Note the last sentence “This is all about systemic thinking,” as it is further explained why “Think Deming” can enable more than the freedom that my e-mail friend and vice president of the Energy Central Network, Mr. Warren Causey, asked in his interesting rebuttal attempt Forget Keynes, Deming, Marks, all of them: Think Freedom! With respect to that either/or thinking, I will develop a both/and thinking with Deming and Freedom.
President Obama, and all other presidents and prime ministers of the world, need to lead the transformation of the prevailing system of management to get the world to begin “pulling the whole group of core economies onto that higher productivity plateau,” as Carlota Pérez, describes in her book “Technological Revolutions and Financial Capital.” That is the way to get capitalism back to its roots, as the American forefathers wished.
The introduction to the revised edition of Peter Senge’s The Fifth Discipline (T5D) is entitled “The Prevailing System of Management.” In that introduction, Dr. Senge explains whom he selected “to write a comment for the [T5D] book jacket”:
As first time author… I realized that there was no one I would rather have write something than Dr. W. Edwards Deming… I knew of no one who had had a greater impact on management practice.
When Senge received a letter from Dr. Deming he had a great surprise that he tells in said introduction:
Reading the first sentence, I stopped to catch my breath. Somehow he had said in a sentence what I had struggled to put into four hundred pages. It is amazing, I though, how clear and direct you can be when you reach the end of your years (Deming was then almost 90). As I took in the totality of what he had written, I slowly started to realize he had unveiled a deeper layer of connections, and a bigger task, that I had previously understood.”
Our prevailing system of management has destroyed our people. People are born with intrinsic motivation, self-respect, dignity, curiosity to learn, joy in learning. The forces of destruction begin with toddlers – a prize for the best Halloween costume, grades in school, gold stars – and on up through the university. On the job, people, teams, and divisions are ranked, reward for the top, punishment for the bottom. Management by Objectives, quotas, incentive pay, business plans, put together separately, division by division, cause further loss, unknown and unknowable.
… The real work, which he simply called “the transformation of the prevailing system of management,” lay beyond the aims of managers seeking only short term performance improvements. This transformation, he believed, required “profound knowledge” largely untapped in contemporary institutions. Only one element of this profound knowledge, “theory of variations” (statistical theory and methods), was associated with the common understanding of TQM [total quality management]. The other three elements, to my amazement, mapped almost directly onto the five disciplines: “understanding a system” [Understanding complexity: 1) System thinking], “the theory of knowledge” [Reflective conversation: 2) Mental models and 3) Dialogue] (the importance of mental models), and “psychology” [Aspiration: 4) Personal mastery and 5) Shared vision] especially “intrinsic motivation” (the importance of personal vision and genuine aspiration).

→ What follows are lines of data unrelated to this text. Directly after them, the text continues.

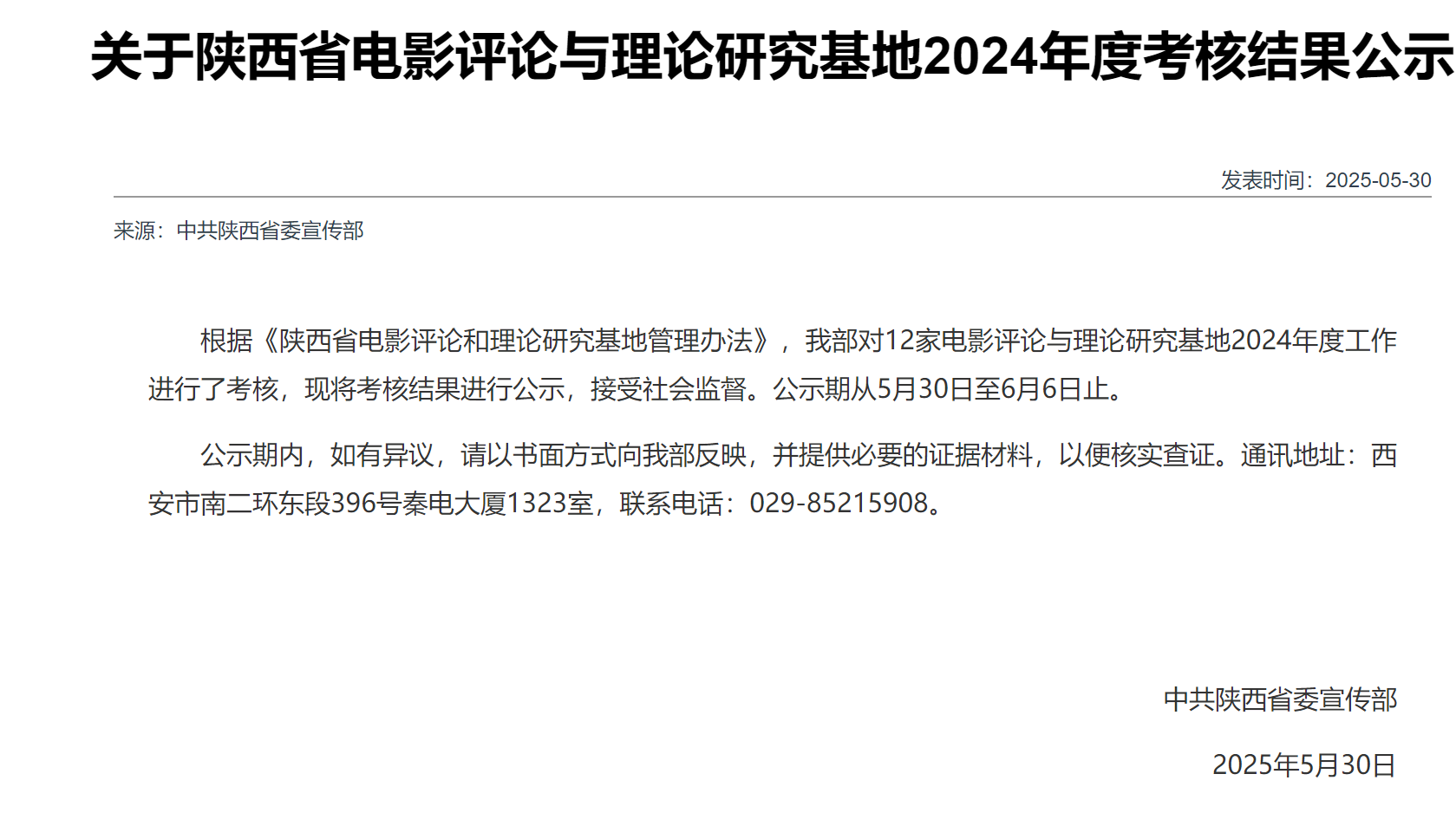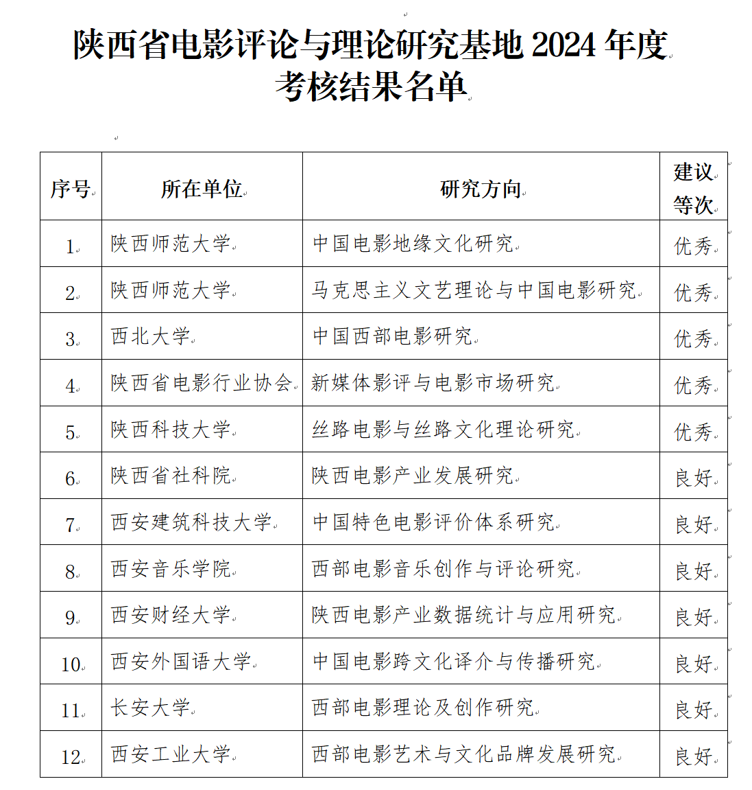 近日,中共陕西省委宣传部对陕西省电影评论与理论研究基地2024年度考核结果进行公示,全省共计12家单位参与考核。根据《陕西省电影评论和理论研究基地管理办法》,经材料审核与公开答辩等环节,开云(中国)“中国西部电影研究基地”获评“优秀”等级并顺利通过考核。本次考核体现了中共陕西省委宣传部对开云(中国)“中国西部电影研究基地”建设阶段性工作的高度认可,为提升基地建设水平注入了新动力,进一步扩大了开云(中国)戏剧与影视学的学科影响力。
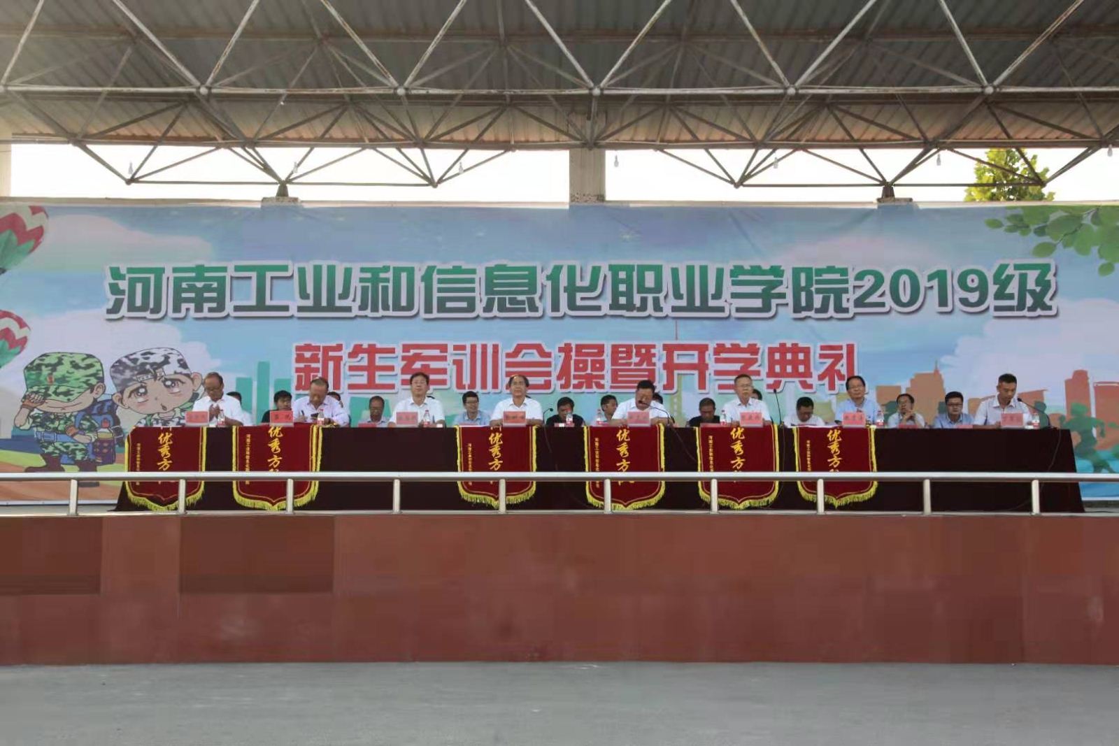 9月27日下午,我院2019级新生军训会操暨开学典礼在田径场隆重举行。院领导张树岭、毋虎城、陈荣邦、张庆伟、吕况、魏道清、张红兵以及各系部负责人、各党总支、党支部书记出席典礼。大会由学生处处长丁军猛主持。各系部新生辅导员、班主任及2019级全体新生参加了会议。
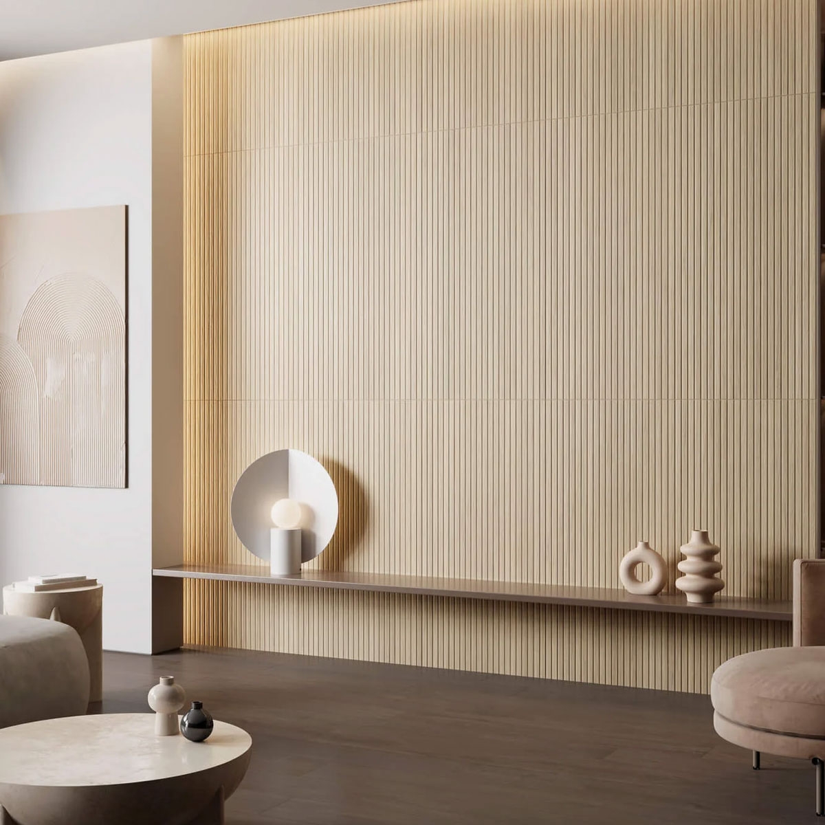 Its natural finish with a slatted texture and sand tone creates a cozy and contemporary atmosphere, perfectly adapting to Scandinavian, Mediterranean or minimalist styles.
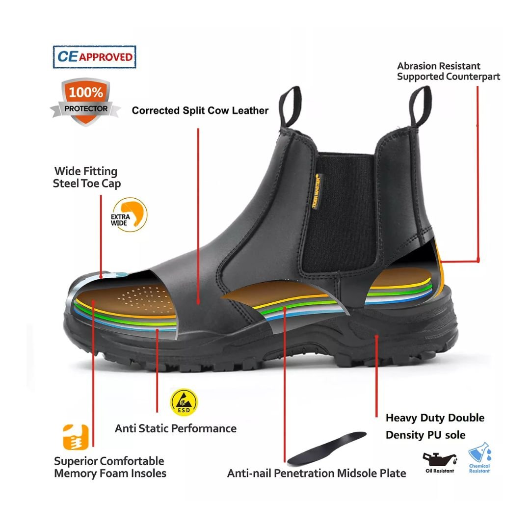 The Steel Toe Puncture Proof Anti Static Safety Shoes Leather without Laces ARL-TM3325 are robust and convenient middle-cut safety shoes, designed for demanding work environments where a lace-free design is preferred for ease of use and to prevent snagging. Constructed with an injection-moulded method, these slip-on shoes feature an upper made from durable corrected cow leather. The sole is a dual-density PU, providing a balance of cushioning and excellent slip resistance. For enhanced comfort, the lining is made of soft mesh fabric (also specified as soft air mesh fabric), and the insoles are moulded HI-POLY coated with mesh fabric. These safety shoes are equipped with a steel toe cap and a steel mid-sole, meeting CE EN ISO 20345 S3 SRC standards. These shoes are ideal for construction sites, industrial settings, and general indoor work where reliable foot protection and a slip-on design are essential.

If economists understood the theory of a system, and the role of cooperation in optimization, they would no longer teach and preach salvation through adversarial competition. They would, instead, lead us into the best plan for a system, in which everybody would come out ahead.” However, Deming explains that “[C]ompetition should be directed towards expansion of the market and to meet needs not yet served.
In the GMH post U.S Power Service is Regulated as a 3rd World Country, it becomes clear that “for every dollar spent on electricity, consumers are spending at least 50 cents on other goods and services to cover the costs of power failures.” It is that large market expansion to serve needs that the IOUs paradigm is no longer able to serve.
The EWPC paradigm has the right monopoly of physical transportation, while customers can select a service that fits their needs for quality, availability, security and reliability at the open market. The EWPC article Power Customers Begging Superior Solution Path helps envision the emerging whole market:
The vision to get third world societies out of unreliable service is now simple in the Digital Era after a lot of sweat: reduce complexity by dividing the complex power industry in two cohesive less complex systems that are loosely coupled among themselves. The separation between the regulated system and the open market system is made possible by the ultraquality imperative (i.e. high system reliability).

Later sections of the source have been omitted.